The surprised voice belonged to none other than the platinum-haired Bianca, who was coming from the direction of the office. “Is that Ben Devere?”

“That’s right.”

“Good Lord, we were just talking about you.”

“We? We who?” This was weird. He didn’t even know anyone knew he was back. “And what were you saying?”

“Oh.” She hesitated just long enough to imply she was hiding something. “Nothing, really. Just that you were here in town. So what brings you here?”

This was it. Time to take that step. “I was hoping to see Kate.”

“Oh, were you?” Bianca raised an eyebrow. “How interesting! Now, why is that? You’re not planning to ask my single sister out on a date of some sort, are you?”

“Um, no.” He frowned. That was a strange question. “It was a business matter.”

Bianca’s face fell and her lips puffed into that famous Bianca Gregory pout. “Oh. Darn.”

He felt a little like he’d stepped into someone else’s bizarre dream. “I’m sorry…what?”

Bianca shrugged with the drama of a four-year-old child. “Nothing. Never mind.”

Ben looked down at the earth beneath his feet and briefly weighed the relative merits of selling the farm and moving his mother to a smaller place, closer to him, versus begging the Gregory girls for their help.

Saving the farm won, of course. “Look, I understand you have the capability of siring a mare by Fireflight.” It was awkward but he couldn’t think of another way to word it. Word underground was that the Gregorys had somehow acquired frozen genetic material from one of the finest racehorses ever to hit the turf and if there was one thing that could save his farm, it was a foal or two by Fireflight.

Dawning understanding came into Bianca’s pale blue eyes. “Oo-oh, I see. You’re here to make a purchase.”

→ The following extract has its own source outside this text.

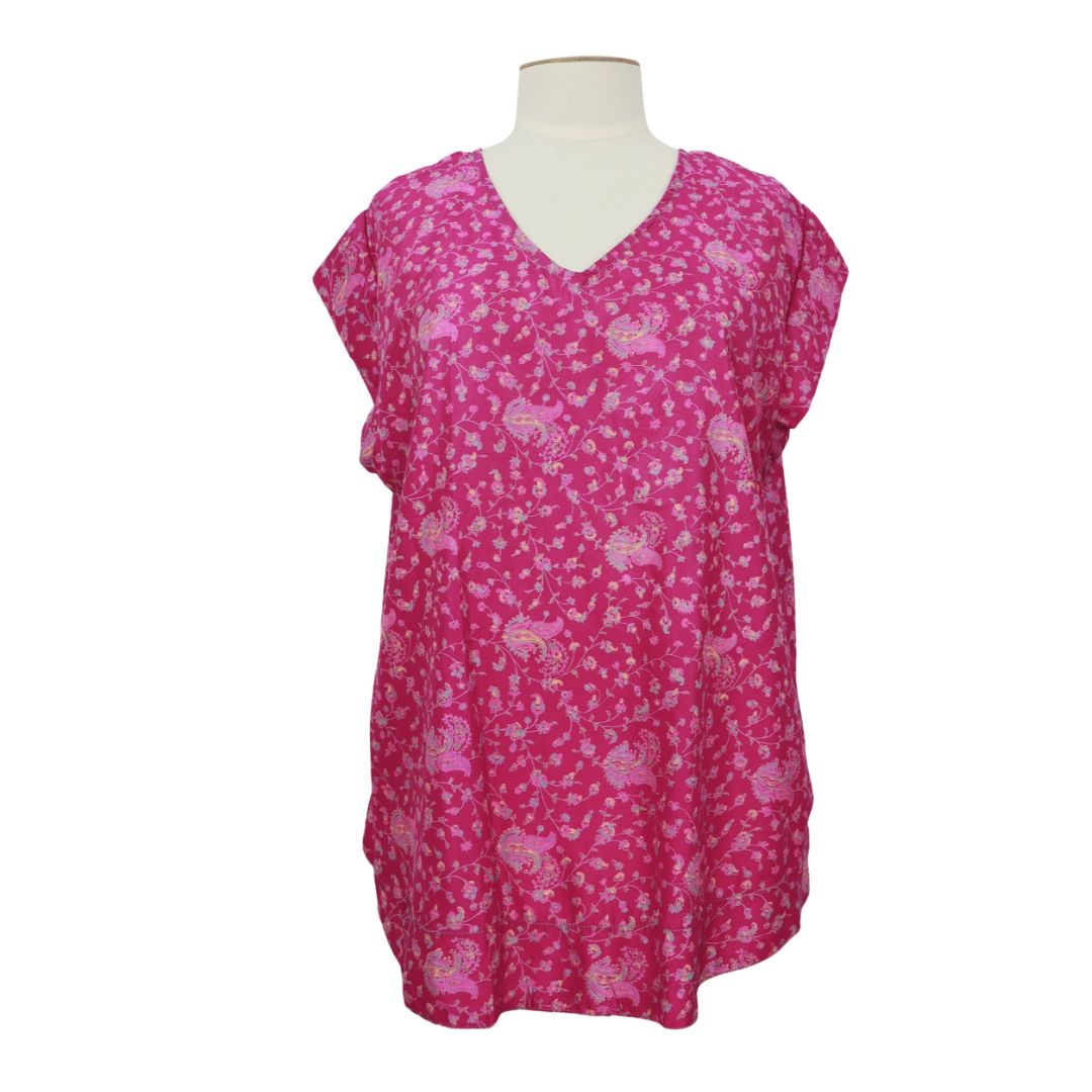 With a flattering V neck, capped sleeves and rounded hem edges, this longer style top is another wardrobe staple. The rear hangs down a little lower than the front and may cover your bottom.

“Depending on the cost, yes.” That was where this conversation was going to get really sticky. His finances were limited and he could only bluff so far before they, potentially, made him look like the desperate man he was. “So what’s your price?”

Bianca looked at him, raising her finger to her mouth and looking him over as she considered. “From what I hear, the Devere Ranch doesn’t have a whole lot of money, Ben.”

“Don’t listen to everything you hear.”

“Fireflight’s worth a whole lot.”

“Potentially.” He tried to look casual. “You never know what you’re gonna end up with. Artificial insemination of a mare…well, it’s a hell of a gamble. You know that.”

She gave a nonconcessionary nod. “It’s a gamble a lot of people are willing to pay a hell of a lot of money for.” She eyed him. “Victor’s working a colt out at the track every morning, and he says the times are absolutely amazing. He may even beat his sire. So I’m thinking it’s a pretty safe bet anyone who sires a mare by Fireflight will end up with a profit in the end. That is, if they can pay up front.”

“What are we talking about?”

“Half a million.”

He couldn’t shell out more than a quarter million. Not for such a risky chance as this. After all, the money was going to be coming out of his pocket, not the ranch’s. “Well, Bianca, this business being what it is, I think I’d rather just take a chance with what I’ve got.” He gave a short nod and started back toward his truck.

“I think I might know a way you can take it for free, though,” Bianca called behind him in a singsong voice.

This was no time to stand on pride. He stopped and turned back to her, cautiously keeping his face impassive. “Who do I have to kill?”

She laughed. “You only have to date my sister.”

She hadn’t said what he thought she’d said. Surely she wasn’t suggesting it was worth five hundred grand to Kate to have a date. “What are you talking about?”